Great tips on the riser block and rigidity. Because I need a new blade and because I generally do not do a lot of large resawing, I’ll try out at least a 5/8” if not the 1/2”.

I checked out the video. Great product, and some great information about blade binding.

By the way, interesting thing is that I can still cut other woods with the existing blade with no burning. I even cut 1” off of the next piece of driftwood with no issues at all so I know a lot of my problem is the hardness. There is a local guy who advertises resawing services. For this one piece of Rose wood, I may just go with the pro. Then it’s off to the next slab, a slightly softer piece of Koa that I’ve had on my shelf for over 10 years.

View Planeman40's profile

Planeman40

1453 posts in 3300 days


#13 posted 01-20-2018 05:55 PM

If all else fails, try making multiple passes taking light cuts and raising the blade some on each pass. Taking one full pass all the way through the wood really heats up the blade!

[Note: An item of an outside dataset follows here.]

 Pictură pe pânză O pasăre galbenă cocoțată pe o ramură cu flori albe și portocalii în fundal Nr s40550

-- Always remember: It is a mathematical certainty that half the people in this country are below average in intelligence!

View JBrow's profile

JBrow

1368 posts in 1459 days


#14 posted 01-21-2018 02:23 AM

SJThrasher,

I have not tried this method of re-sawing, but it might solve your problem. In summary the method starts with the table saw where the table saw blade creates an initial kerf. A ripping blade in the table saw would likely produce the best results. Multiple passes of increasing depth of cut could produce less burning.

After the table saw kerf is created, there is less material for the bandsaw to cut so the cut should be easier with less heat.

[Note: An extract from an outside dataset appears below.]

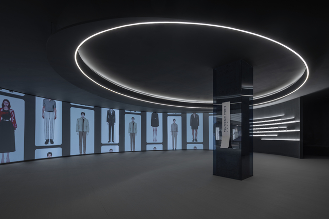 「制服與西裝展示區」中央陳列模特兒展台,為訪客提供360度的觀賞視角,配以隱藏式滑輪與金屬層板等配件,賦予空間彈性及多元性。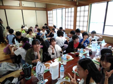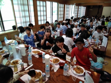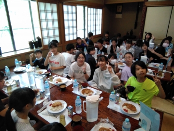 昼食会場に着きました。朝が早かったこともあり、昼食が待ちどおしかったようです。カツカレーを美味しくいただいています。

The technique can be seen from 18:36 to 20:10 in the video…

http://tommymac.us/2015/08/episode-0606-tv-tray-with-jesse-shaw/

View NoSpace's profile

NoSpace

170 posts in 1779 days


#15 posted 01-21-2018 03:21 AM

Assuming you don’t have issues with resawing say, maple, with a new blade, thus the setup should be okay, I’d take the plunge and get the 1/2” Lennox Trimaster that was recommended. I have that on my 1412. Not cheap, but it solved every problem I had, including 35$ blades dulling after 5 minutes cutting exotics. I re-sawed 6” Rosewood recently, no problem, but that stuff is extremely hard and at 10”, just thinking about how long my other blades lasted resawing 8” of maple, and a couple of passes sounds about right.

View SJThrasher's profile

SJThrasher

31 posts in 1829 days


#16 posted 02-06-2018 04:29 PM

Though I haven’t had the time to order a new blade, I did notice something about my saw. I recently removed my add-on Rockler table (and of course the rip fence that went with it). Yesterday, I was cutting some wood and noticed the angle of the blade. The way the blade was cutting, and the angle of the piece I was cutting in relation to the blade, showed that I was likely pushing into the rip fence when trying to resaw. This could definitely be a contributing factor. I have decided when I get my new blade, I will scribe straight lines and free-cut the wood. Though the cut won’t be perfectly straight, and I may lose 1/16” or so to the planer (I will add that to the original cut) it may be a solution for me because of how little resawing I do.